Data:
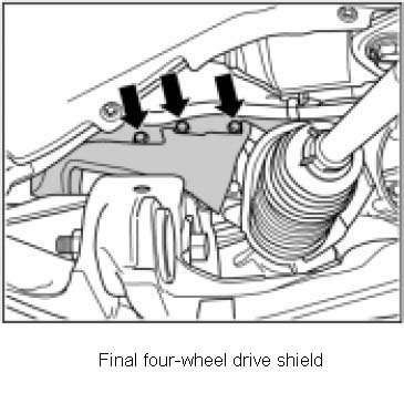 2. Remove three shield screws-arrows- on the all-wheel final drive.
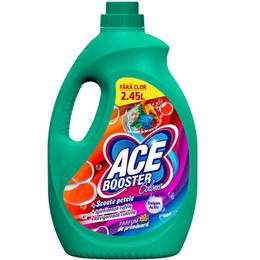 Solutie pentru Indepartat Petele de pe Hainele Colorate, fara Clor, Regular - ACE Booster Colors, 2450 ml: solutie puternica pentru indepartarea petelor de pe rufele colorate, formulata fara clor pentru a proteja culorile si tesaturile. Actioneaza eficient asupra petelor dificile, mirosurilor neplacute si murdariei, oferind rezultate vizibile chiar si la temperaturi scazute. Este potrivita pentru utilizare zilnica, atat in masina de spalat, cat si pentru pre-tratare, imbunatatind performanta detergentului si lasand hainele curate, proaspete si placut parfumate.
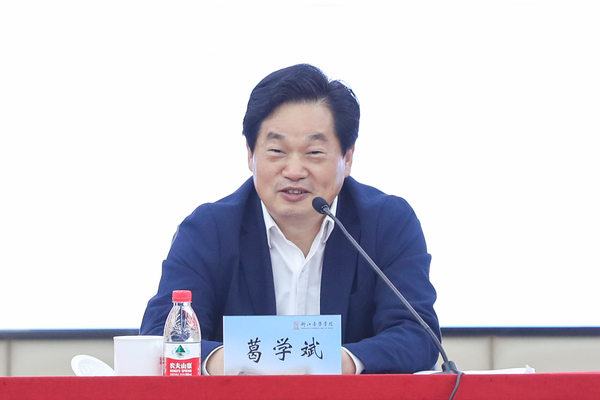 会上,葛学斌充分肯定了学院成立以来秉承“事必尽善”校训精神,发挥长三角区域一体化和江南传统音乐文化优势所取得的跨越式发展。他指出,音乐是文艺事业的重要组成部分,文艺事业是党和人民的重要工作,必须在大局下思考、在大局下行动,把握好工作的方位定位,因势而谋、应势而动、顺势而为,回答好“如何从习近平总书记关于文艺工作的系列重要论述中汲取智慧力量,推动浙江文艺创作实现突破性跃升”的重要命题。他指出,习近平总书记关于文艺工作的重要论述视野宏阔、判断科学、学理深厚、内涵丰富,我们要深刻学习领会其中的丰富内涵和真理奥义。努力将重要论述和指示批示贯穿于文艺创作、艺术教育及人才培养的全过程各方面,特别是要把握时代主题、弘扬时代精神,坚守人民立场、书写人民史诗,坚持守正创新、增强原创能力,讲好中国故事、展现中国形象,坚持弘扬正道、追求德艺双馨,坚持扎根中国大地、培育时代新人。要持续地学、深入地悟,带着理解学、带着感情学,在具体实践中结合好、运用好、落实好。面对文艺事业发展面临的新形势新挑战,我们要进一步提高政治站位、加强组织引导、完善工作机制、找准方法路径,努力提升浙江文艺创作的质量和水平。要在方式方法上求突破,科学设定目标体系、统筹抓好选题规划、强化全流程工作保障。要在体制机制上谋创新,形成管理者与创作者有效互动的交流机制,形成上下联动、多跨协同的工作机制,探索开放互动、内聚外联的合作机制。要在工作实践中开新局,创新文化精品力作创作生产的体制机制,在打造文化精品力作上不断取得新突破。围绕今年中心工作和主题主线,我们要主动作为、守正创新,继续加强文艺精品创作和人才培养力度,为文艺精品创作贡献浙音力量。他强调,教育是社会政治经济良性发展的坚实基础,高校是省域治理的重要领域,音乐艺术是实现社会善治的有效方式。浙音承载着培养人才、繁荣文艺、服务社会的重要职责,在文化浙江建设中有着不可或缺的位置。要努力在艺术教育和精品创作中做到正确选择、持续坚守、实现超越、铸就辉煌,唱响省域现代化发展交响曲中的浙音声部。最后,葛学斌勉励全体师生,文艺繁荣发展的机遇前所未有,文艺工作者施展才华的舞台天高地阔,学院要义不容辞地肩负起时代赋予的使命,回应人民寄予的期待,为打造新时代文化高地,铸就新时代文艺高峰,高质量发展建设共同富裕示范区作出新的更大贡献,以优异成绩迎接党的二十大胜利召开。

What this task involves: What is wanted is the listing, written out exactly, with each picture removed.

Task response:
 2. Remove three shield screws-arrows- on the all-wheel final drive.
 Solutie pentru Indepartat Petele de pe Hainele Colorate, fara Clor, Regular - ACE Booster Colors, 2450 ml: solutie puternica pentru indepartarea petelor de pe rufele colorate, formulata fara clor pentru a proteja culorile si tesaturile. Actioneaza eficient asupra petelor dificile, mirosurilor neplacute si murdariei, oferind rezultate vizibile chiar si la temperaturi scazute. Este potrivita pentru utilizare zilnica, atat in masina de spalat, cat si pentru pre-tratare, imbunatatind performanta detergentului si lasand hainele curate, proaspete si placut parfumate.
 会上,葛学斌充分肯定了学院成立以来秉承“事必尽善”校训精神,发挥长三角区域一体化和江南传统音乐文化优势所取得的跨越式发展。他指出,音乐是文艺事业的重要组成部分,文艺事业是党和人民的重要工作,必须在大局下思考、在大局下行动,把握好工作的方位定位,因势而谋、应势而动、顺势而为,回答好“如何从习近平总书记关于文艺工作的系列重要论述中汲取智慧力量,推动浙江文艺创作实现突破性跃升”的重要命题。他指出,习近平总书记关于文艺工作的重要论述视野宏阔、判断科学、学理深厚、内涵丰富,我们要深刻学习领会其中的丰富内涵和真理奥义。努力将重要论述和指示批示贯穿于文艺创作、艺术教育及人才培养的全过程各方面,特别是要把握时代主题、弘扬时代精神,坚守人民立场、书写人民史诗,坚持守正创新、增强原创能力,讲好中国故事、展现中国形象,坚持弘扬正道、追求德艺双馨,坚持扎根中国大地、培育时代新人。要持续地学、深入地悟,带着理解学、带着感情学,在具体实践中结合好、运用好、落实好。面对文艺事业发展面临的新形势新挑战,我们要进一步提高政治站位、加强组织引导、完善工作机制、找准方法路径,努力提升浙江文艺创作的质量和水平。要在方式方法上求突破,科学设定目标体系、统筹抓好选题规划、强化全流程工作保障。要在体制机制上谋创新,形成管理者与创作者有效互动的交流机制,形成上下联动、多跨协同的工作机制,探索开放互动、内聚外联的合作机制。要在工作实践中开新局,创新文化精品力作创作生产的体制机制,在打造文化精品力作上不断取得新突破。围绕今年中心工作和主题主线,我们要主动作为、守正创新,继续加强文艺精品创作和人才培养力度,为文艺精品创作贡献浙音力量。他强调,教育是社会政治经济良性发展的坚实基础,高校是省域治理的重要领域,音乐艺术是实现社会善治的有效方式。浙音承载着培养人才、繁荣文艺、服务社会的重要职责,在文化浙江建设中有着不可或缺的位置。要努力在艺术教育和精品创作中做到正确选择、持续坚守、实现超越、铸就辉煌,唱响省域现代化发展交响曲中的浙音声部。最后,葛学斌勉励全体师生,文艺繁荣发展的机遇前所未有,文艺工作者施展才华的舞台天高地阔,学院要义不容辞地肩负起时代赋予的使命,回应人民寄予的期待,为打造新时代文化高地,铸就新时代文艺高峰,高质量发展建设共同富裕示范区作出新的更大贡献,以优异成绩迎接党的二十大胜利召开。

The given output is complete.